→ **TRY IT**:
Pictures in the listing below are skipped, while the lines from the "Her first piece, which" line through the "ブルー 花形 ジルコン指輪" line are returned word for word.

→ **RECORDS PROVIDED**:
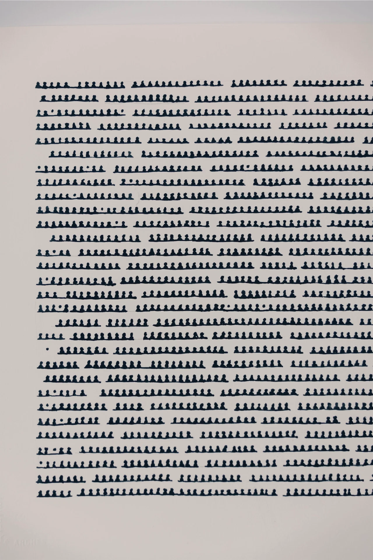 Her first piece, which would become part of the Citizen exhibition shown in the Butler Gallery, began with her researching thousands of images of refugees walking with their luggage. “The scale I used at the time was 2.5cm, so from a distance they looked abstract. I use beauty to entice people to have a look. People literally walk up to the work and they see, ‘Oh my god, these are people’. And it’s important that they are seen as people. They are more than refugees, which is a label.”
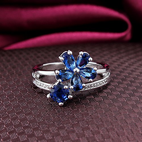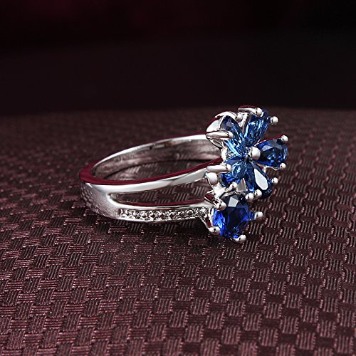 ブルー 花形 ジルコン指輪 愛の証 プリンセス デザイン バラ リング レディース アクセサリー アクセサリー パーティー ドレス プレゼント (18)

* * *

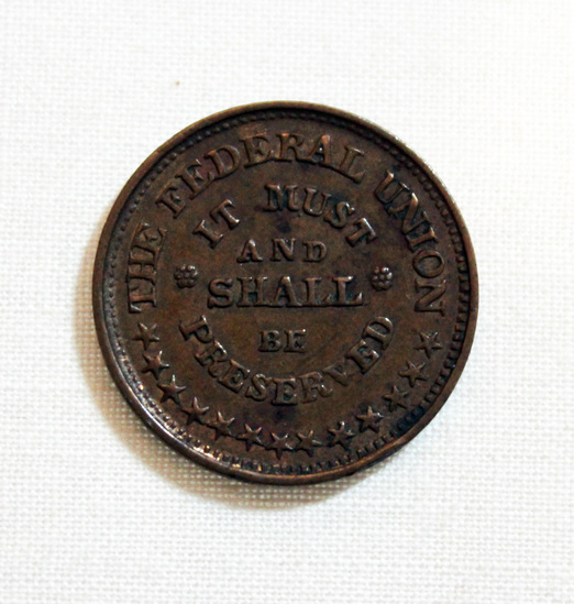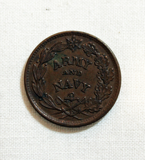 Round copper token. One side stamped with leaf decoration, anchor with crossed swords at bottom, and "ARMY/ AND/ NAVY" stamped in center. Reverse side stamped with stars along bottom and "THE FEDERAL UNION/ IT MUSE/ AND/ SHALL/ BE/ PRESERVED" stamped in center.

→ **FINISHED EXERCISE**:
 Her first piece, which would become part of the Citizen exhibition shown in the Butler Gallery, began with her researching thousands of images of refugees walking with their luggage. “The scale I used at the time was 2.5cm, so from a distance they looked abstract. I use beauty to entice people to have a look. People literally walk up to the work and they see, ‘Oh my god, these are people’. And it’s important that they are seen as people. They are more than refugees, which is a label.”
 ブルー 花形 ジルコン指輪 愛の証 プリンセス デザイン バラ リング レディース アクセサリー アクセサリー パーティー ドレス プレゼント (18)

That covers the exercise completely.